The denominator looks simple, so let’s start from here. If we calculate this naively it takes O(N^2) time. So let’s try to narrow down the time complexity using Divide and conquer. It is really straightforward:

  • Problem: compute (1-a_{1}x)(1-a_{2}x)(1-a_{3}x)\cdots(1-a_{N}x).
  • Divide: Divide into two subproblems (1-a_{1}x)(1-a_{2}x)(1-a_{3}x)\cdots(1-a_{N/2}x) and (1-a_{N/2+1}x)(1-a_{N/2+2}x)(1-a_{N/2+3}x)\cdots(1-a_{N}x) and solve each of them.
  • Conquer: Multiply those two results using FFT.

The time complexity of this algorithm satisfies T(N) = 2T(N/2) + O(N \log N), which gives the solution T(N) = O(N \log^2 N) by Master’s Theorem.

Now, it is really tempting to solve the compute the whole thing using divide and conquer too.
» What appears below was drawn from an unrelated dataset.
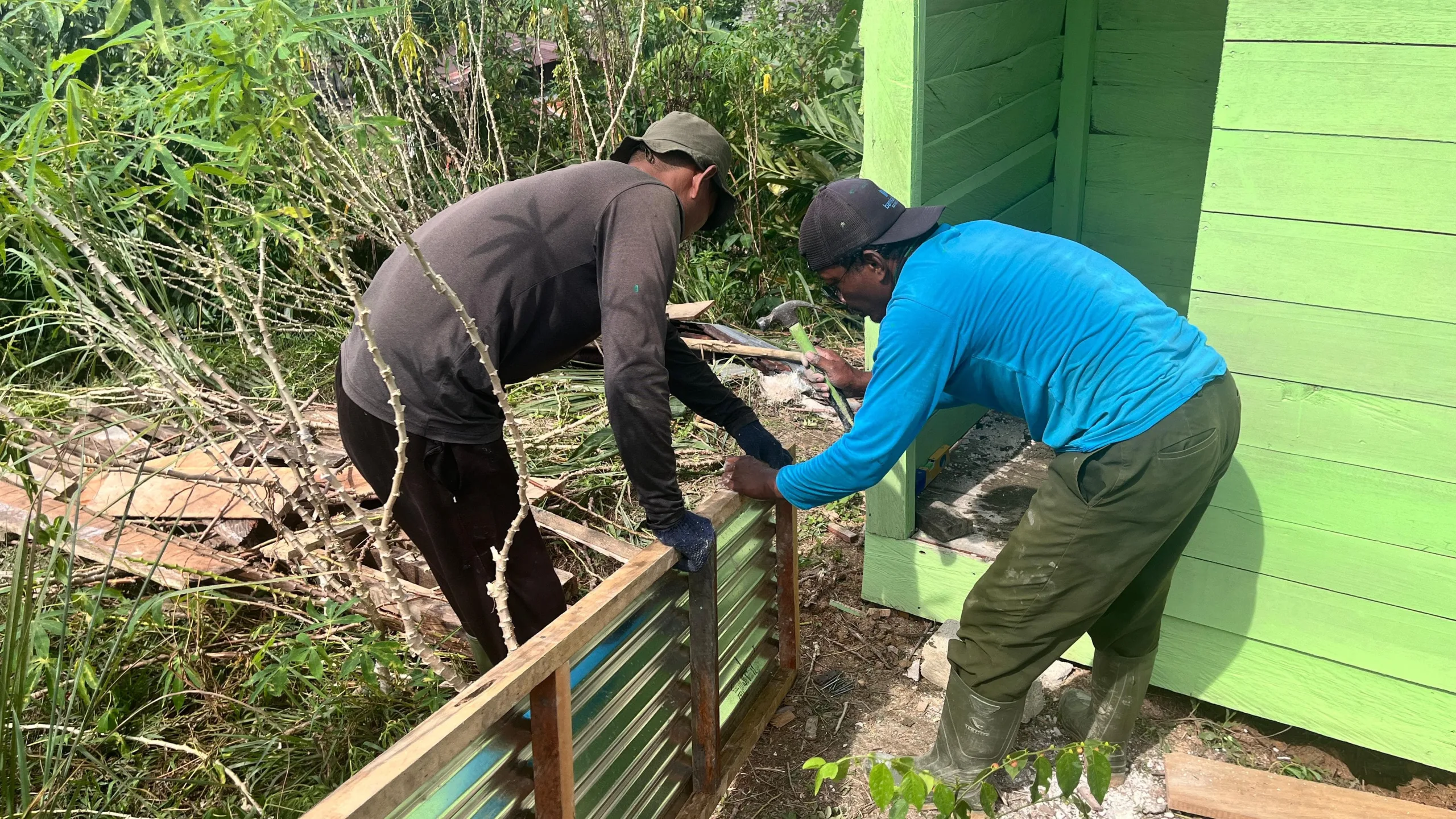 Selain pengerjaan bagian dalam, pembangunan bangunan MCK juga dilengkapi dengan pemasangan atap seng serta penataan area sekitar agar lebih rapi dan aman digunakan oleh jemaat serta masyarakat sekitar.

Let’s try:

  • Problem: compute \sum_{n=1}^{N} \frac{1}{1-a_{n}x} as power series.
  • Divide: Divide into two subproblems \sum_{n=1}^{N/2} \frac{1}{1-a_{n}x} = \frac{A}{B} and \sum_{n=N/2+1}^{N} \frac{1}{1-a_{n}x} = \frac{C}{D}
  • Conquer: \frac{A}{B} + \frac{C}{D} = \frac{AD+BC}{BD}. Both the numerator and denominator can be calculated using FFT.

The time complexity of this algorithm also satisfies T(N) = 2T(N/2) + O(N \log N), which therefore gives the solution T(N) = O(N \log^2 N) by Master’s Theorem. Note that this algorithm only gives the numerator and denominator in a polynomial form, so you have to additionally divide the numerator by the denominator using the algorithm above, in O(N \log N).

In conclusion, we managed to do several convolutions to compute the answer. The only thing left is how to deal with modulo 10^9 + 7. The most safe way is to do three NTTs using three different large FFT primes \approx 10^9, and then use Chinese Remainder Theorem to recover the answer. I believe this is not the important part and I’m in a rush, so I skip this part.

Implementation for this problem is not available, since the tester’s Kotlin solution is too slow (I’m terribly sorry :())